Em entrevista à Radio Free Europe / Radio Liberty, o blogueiro russo Marat Burkhard revelou um esquema do Kremlin que emprega centenas de agentes online com o único objetivo de encher a internet de propaganda destinada a difundir a política do presidente russo, Vladimir Putin.

São os chamados “Kremlin trolls”, numa alusão ao termo cunhado para caracterizar um baderneiro virtual que surge para provocar discórdia nas redes sociais e em seções de comentários de blogs e sites, quase sempre com postagens agressivas.

Departamento de memes

Burkhard passou dois meses nos escritórios da Agência de Pesquisa em Internet São Petersburgo – uma holding supostamente dirigida por Yevgeny Prigozhin, chef e amigo pessoal de Putin, e totalmente voltada à propaganda pró-Rússia. O blogueiro é simpatizante do Ocidente e alegou ter aderido apenas para compreender como funcionava o esquema.
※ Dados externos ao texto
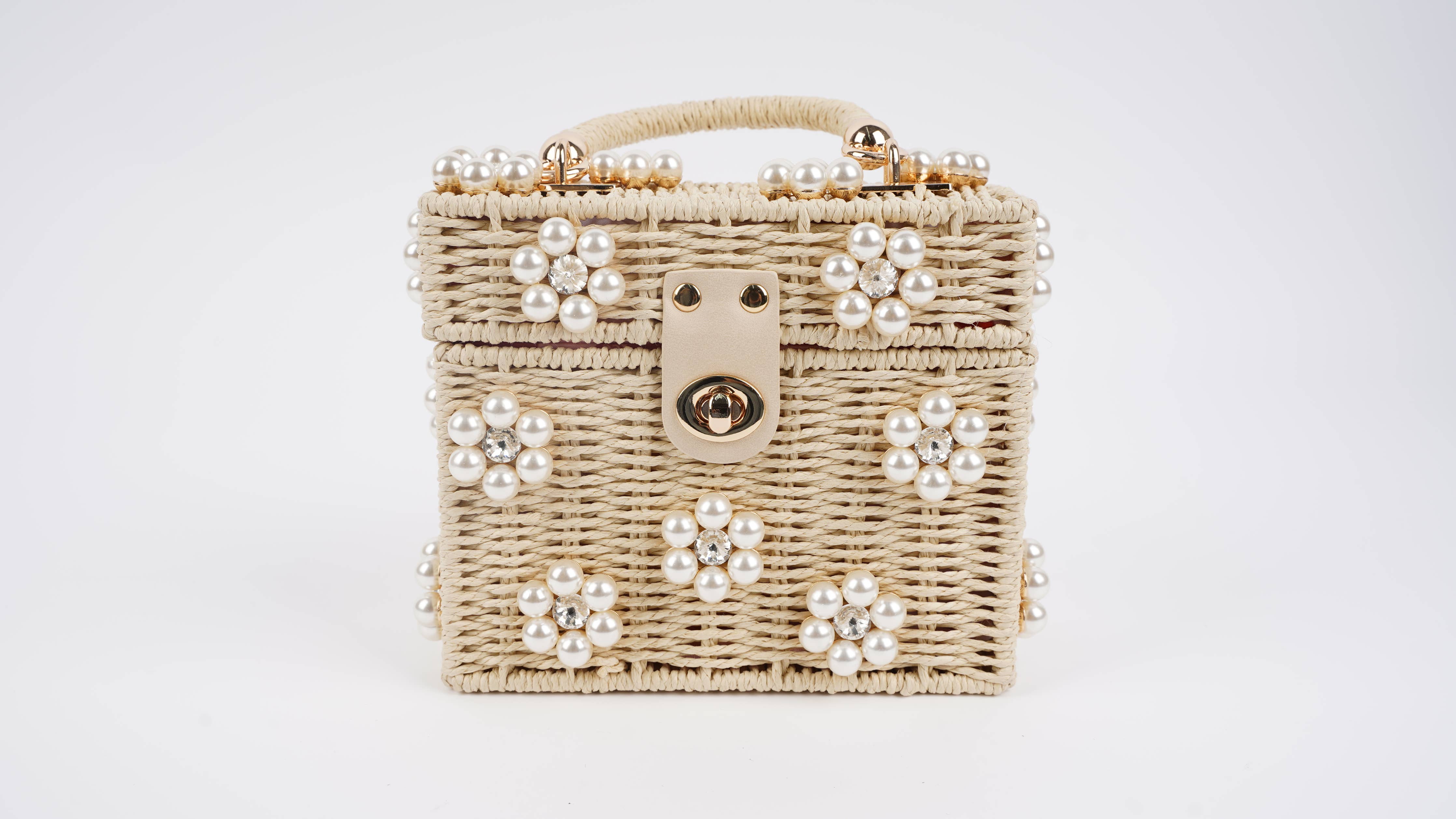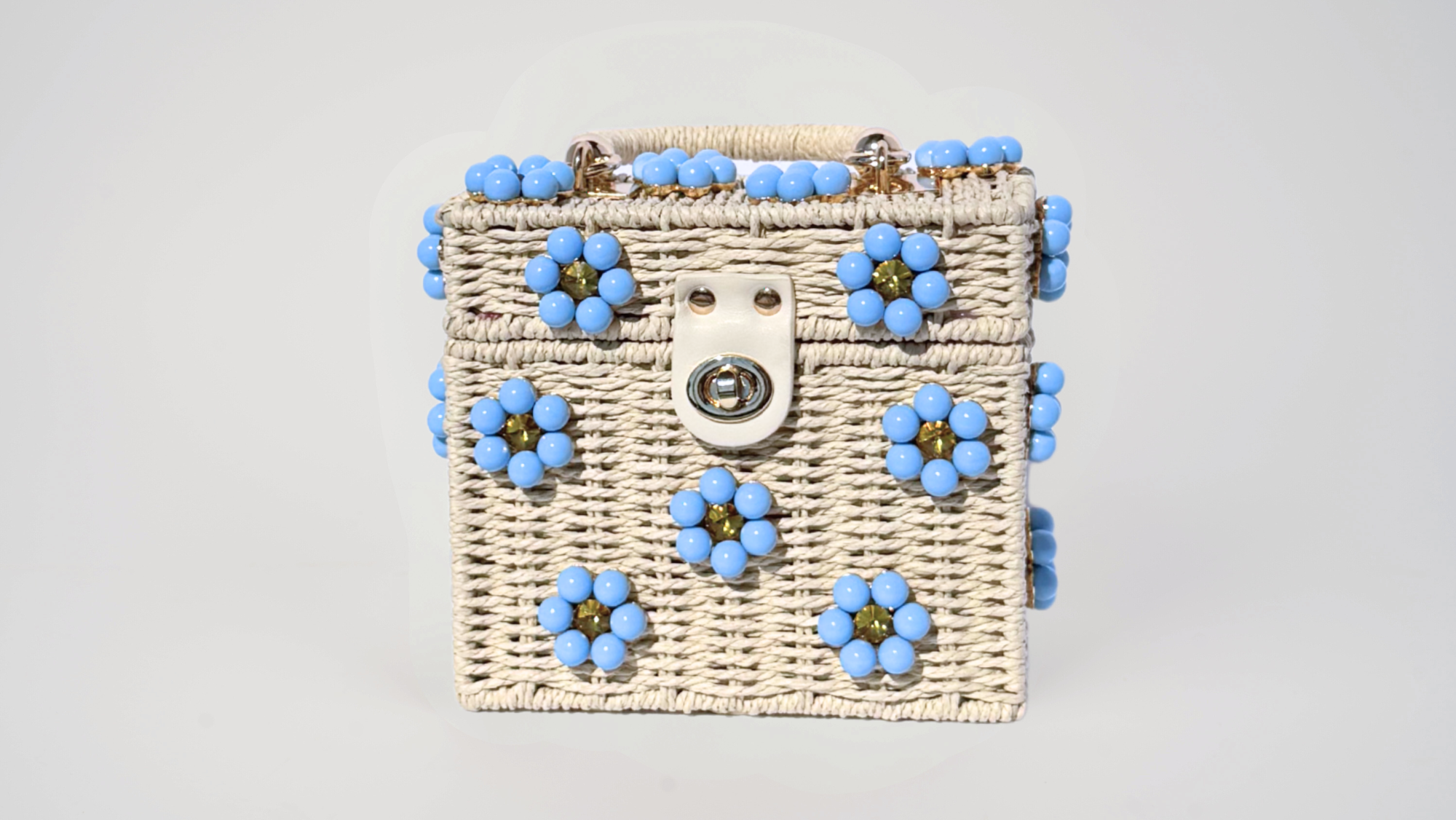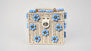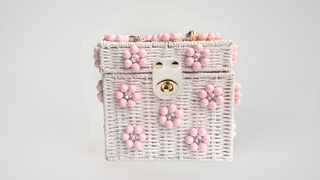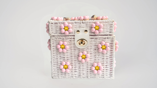 Inspired by lazy beach afternoons and blooming dunes, the Salt + Petal Mini Tote is a radiant mix of whimsy and coastal cool. Textured white wicker is brought to life with soft blush daisy appliqués and sunshine-yellow centers. A gleaming clasp adds a polished finish to this playful piece — your go-to for breezy escapes and seaside style.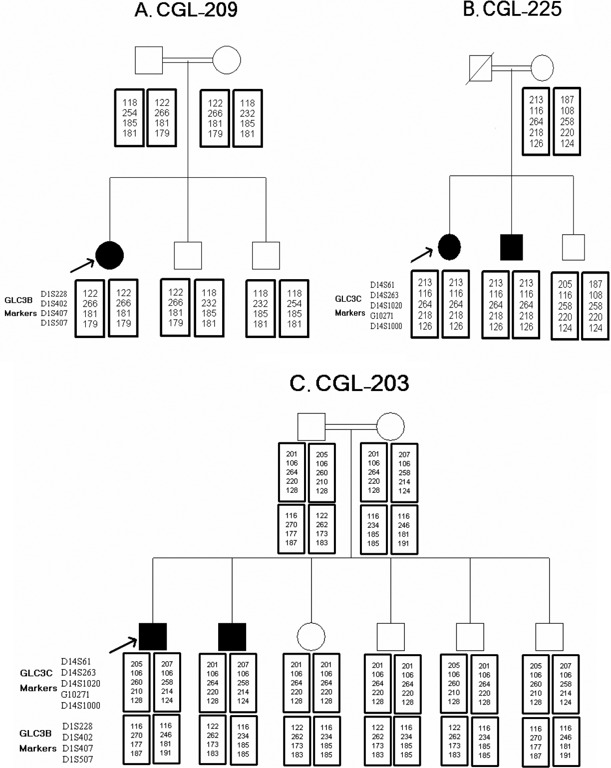 individuals are shown. A: Linkage to GLC3B was not rejected in family CGL-209. B: Linkage to GLC3C was not rejected in family CGL-225. C: Family CGL-203 does not show linkage to GCL3B or to CGL3C.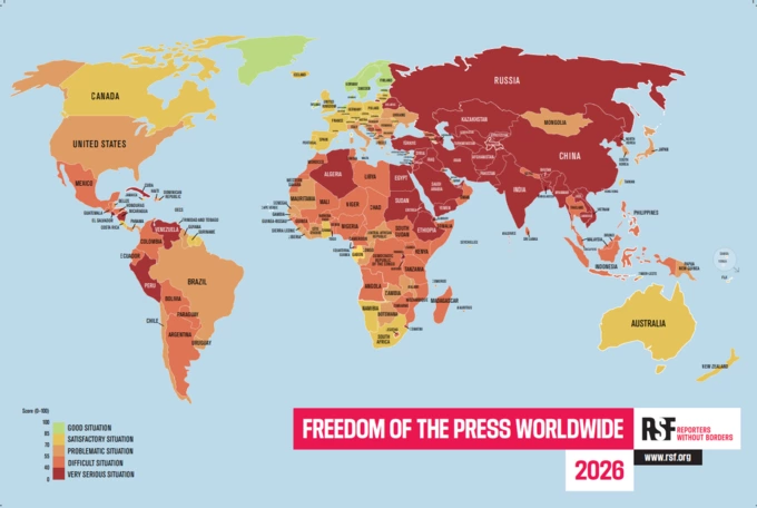 Загалом у 2026 році середній рівень свободи преси у світі впав до найнижчого показника за останні 25 років. Понад половина країн світу опинилася в категоріях зі «складною» або «дуже серйозною» ситуацією.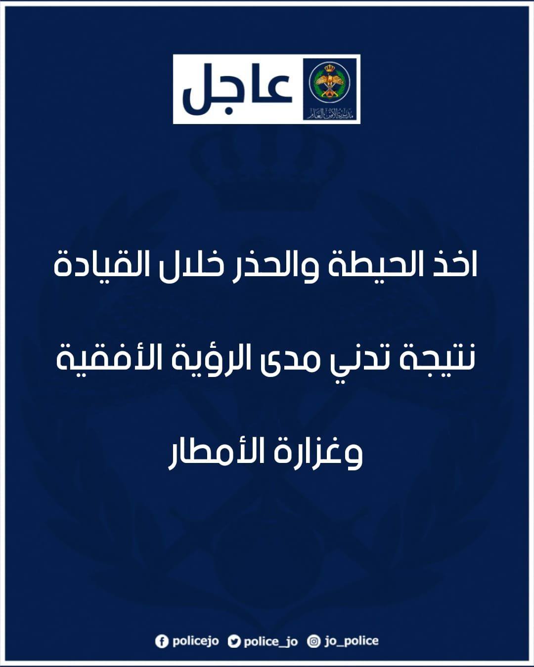 كما شددت على أهمية القيادة بحذر على الطرق التي قد تشهد هطولات مطرية، وأخذ الحيطة والحذر نتيجة تدني مدى الرؤية الأفقية بسبب الضباب فوق المرتفعات الجبلية، وبسبب الغبار في مناطق البادية.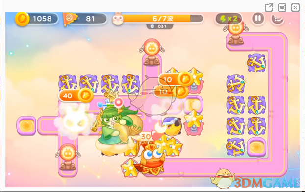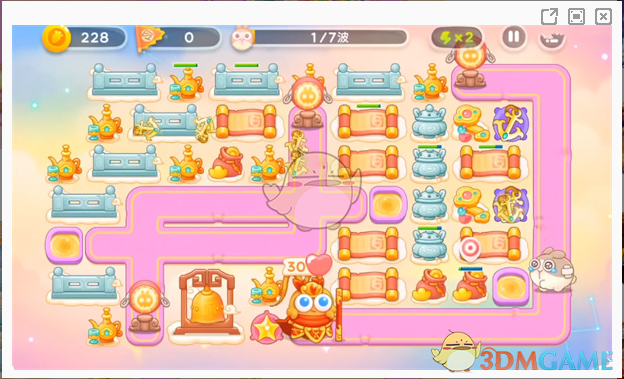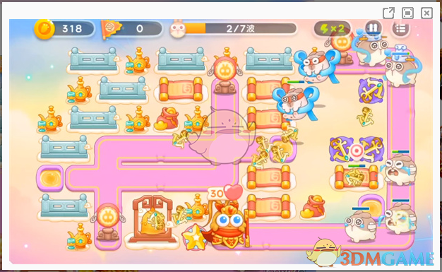 6、最后一波小怪的数量比较多而且血量偏厚,玩家按照下方的位置放置炮台进行输出即可。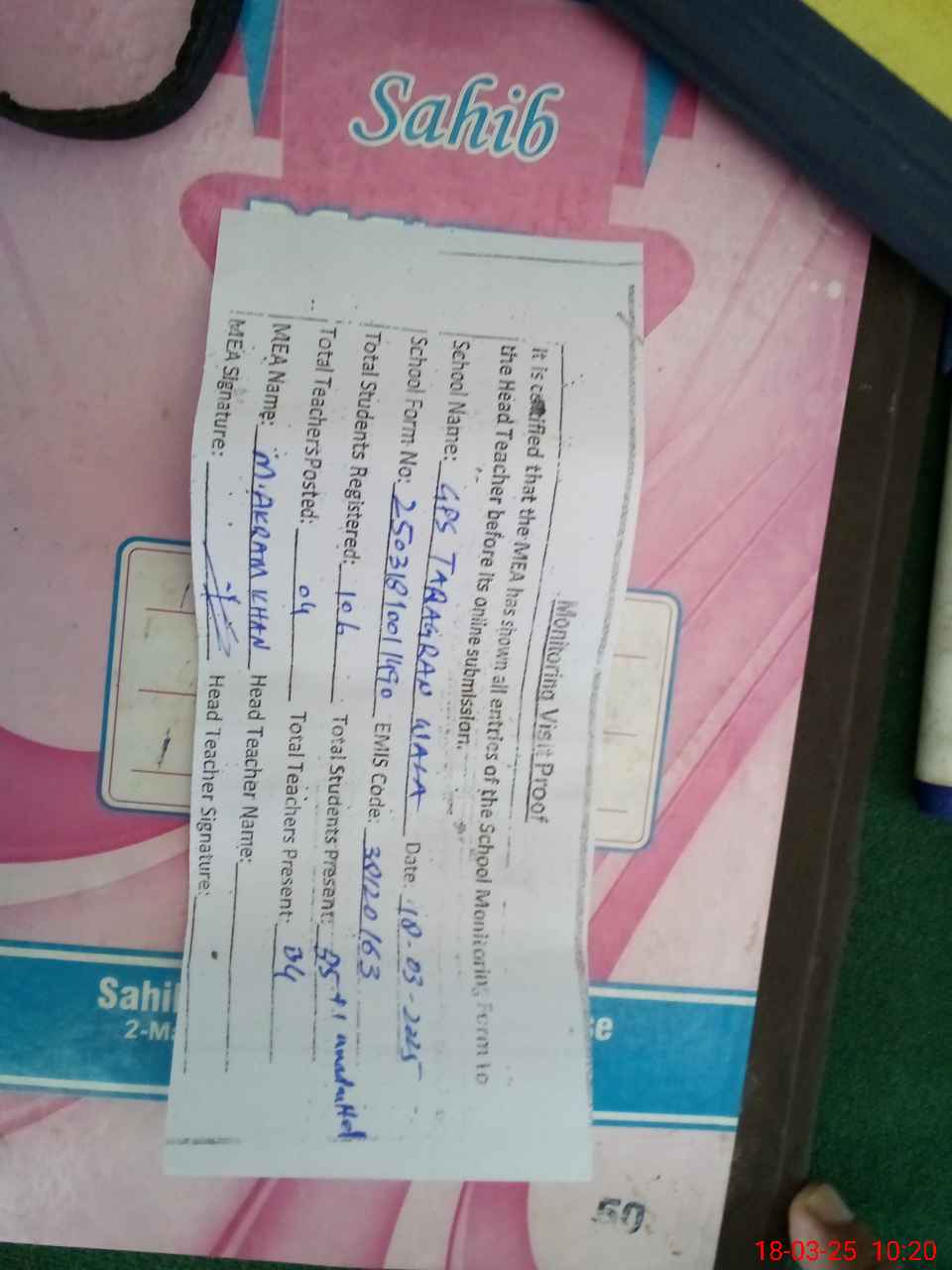 | Remarks (Use Separate Page if Required): Sir FTF record not maintain and no attendance on SIS and boundary wall not present from the east and south side of the school and further more head teacher refund to sign the visit report | |||||
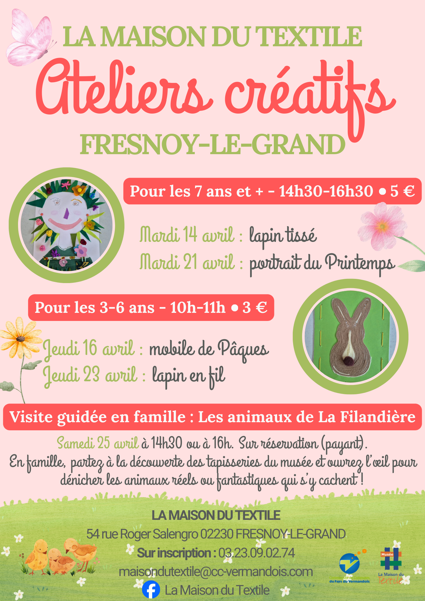 Pour les 7-12 ans, rendez-vous les mardis 14 et 21 avril de 14h30 à 16h30 avec respectivement le "Lapin Tissé" et "Portrait du Printemps" et pour les plus petits (3-6 ans), ça se passera les jeudis 16 et 23 avril de 10h à 11h avec "Mobile de Pâques" et "Lapin en fil" !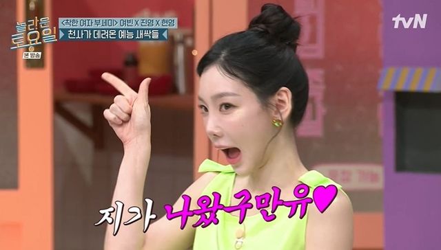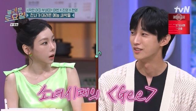 그런 가운데 붐은 “미담이 터졌다. 진영이 아이돌의 꿈을 갖게 한 사람이 이 자리에 있다고 한다”라고 말해 모두 기대했다. 진영이 말한 건 바로 소녀시대 태연. 진영은 “오디션 다닐 때 가장 많이 들은 노래가 ‘지(Gee)’였다. 노래 들으면서 연예인이 된다면 얼마나 행복할까 꿈꾸었다. 동경의 대상이었다”라고 팬심을 드러냈다. 이에 붐이 “‘지’가 옆에 나와 있다”라고 하자 태연은 ‘지’ 춤을 깜짝 선보이기도.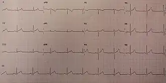 | An ECG showing pericarditis. Note the ST elevation in multiple leads with slight reciprocal ST depression in aVR. | |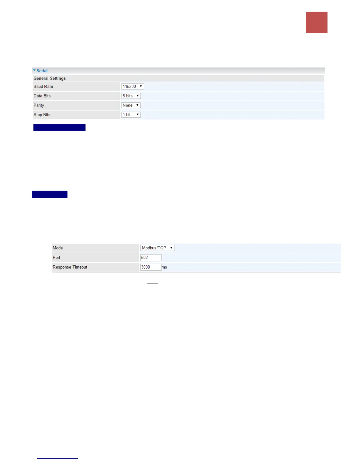 Mode: Select a mode among Disable, Modbus/TCP, and Serial TCP
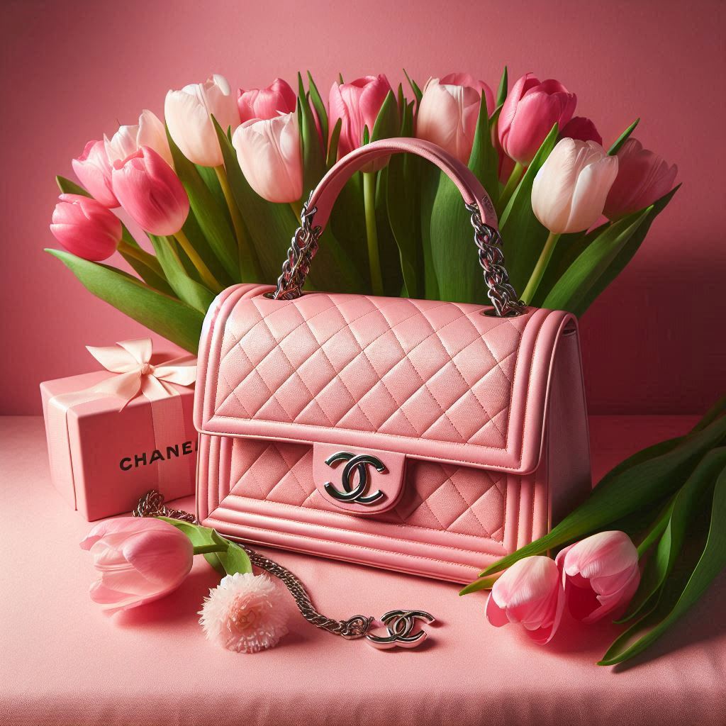 accessory, bouquet, box, chain, chic, delicate, fashion, feminine, floral, flowers, gift, handbag, leather, luxury, pink, present, romantic, spring, style, tulips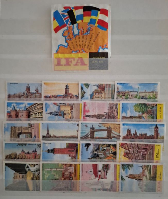 | Number: NL-00318 Price: SOLD Available: 1 set Description: CENTRA, Architecture through the ages Labels: Set of 75 labels and 3 packetlabel Pictures: ![]() ![]() | Number: NL-00319 Price: Euro 2,00 Available: 1 set Description: SRV, European flags Labels: Set of 18 labels and 1 packetlabel Pictures: ![]() |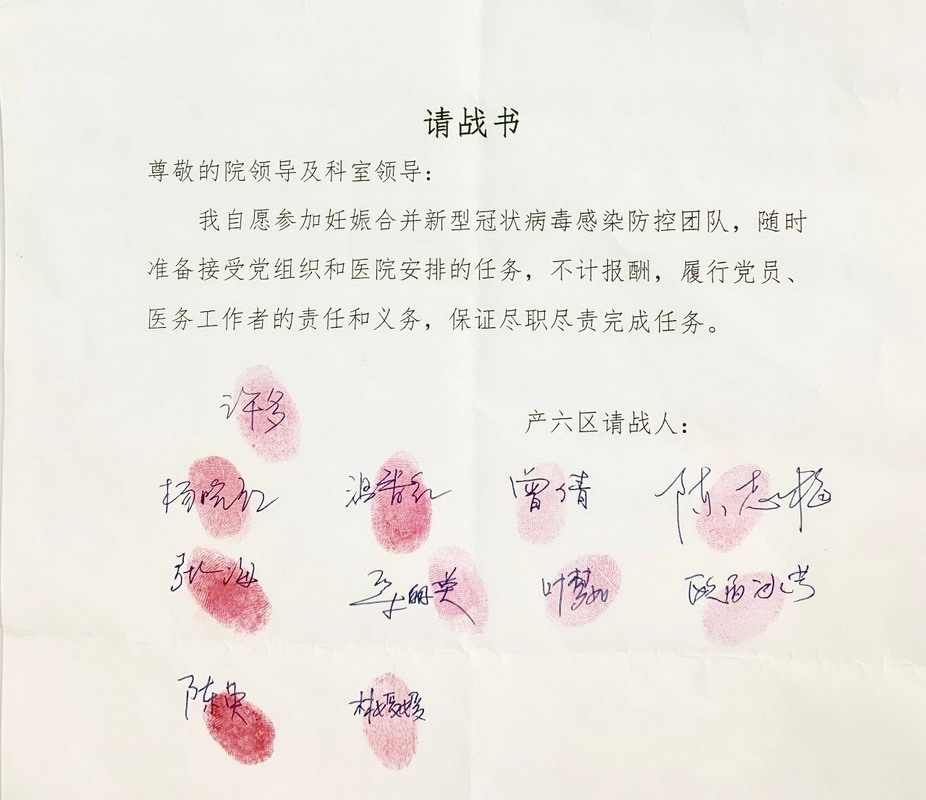 面對疫情,黨員干部紛紛向科室提交請戰(zhàn)書并莊嚴(yán)宣誓,志愿參加疫情防控的阻擊戰(zhàn)。產(chǎn)科共收到200多份請戰(zhàn)書,特別是有三名孕婦請纓,令人動容。請戰(zhàn)人員組成了三個防控梯隊,為醫(yī)院妊娠合并新型冠狀病毒感染防控奠定了強(qiáng)大的人力資源保障。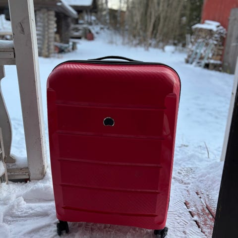 Muutamasti käytössä ollut vaaleansininen/mintun värinen matkalaukku. Täysin kunnossa, joitain ulkoisia käytönmerkkejä.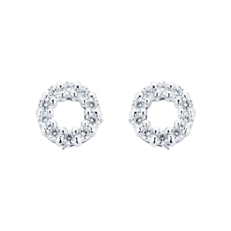 Crafted from sterling silver, these stud earrings feature a circular motif adorned by cubic zirconia gemstones.

Segundo Burkhard, o trabalho consiste basicamente em passar um turno de 12 horas comentando em blogs e portais de notícias e espalhando pela rede imagens adulteradas em favor de Putin. Assim como nos cargos comuns de telemarketing, é preciso cumprir uma cota mínima diária de pelo menos 135 comentários, sendo que todos devem ter no mínimo 200 caracteres. Os trolls também recebem instruções diárias sobre as emoções que devem evocar em cada comentário. Os salários são relativamente elevados para os padrões russos e variam entre 40 a 50 mil rublos por mês (algo entre 2.300 e 2.900 reais).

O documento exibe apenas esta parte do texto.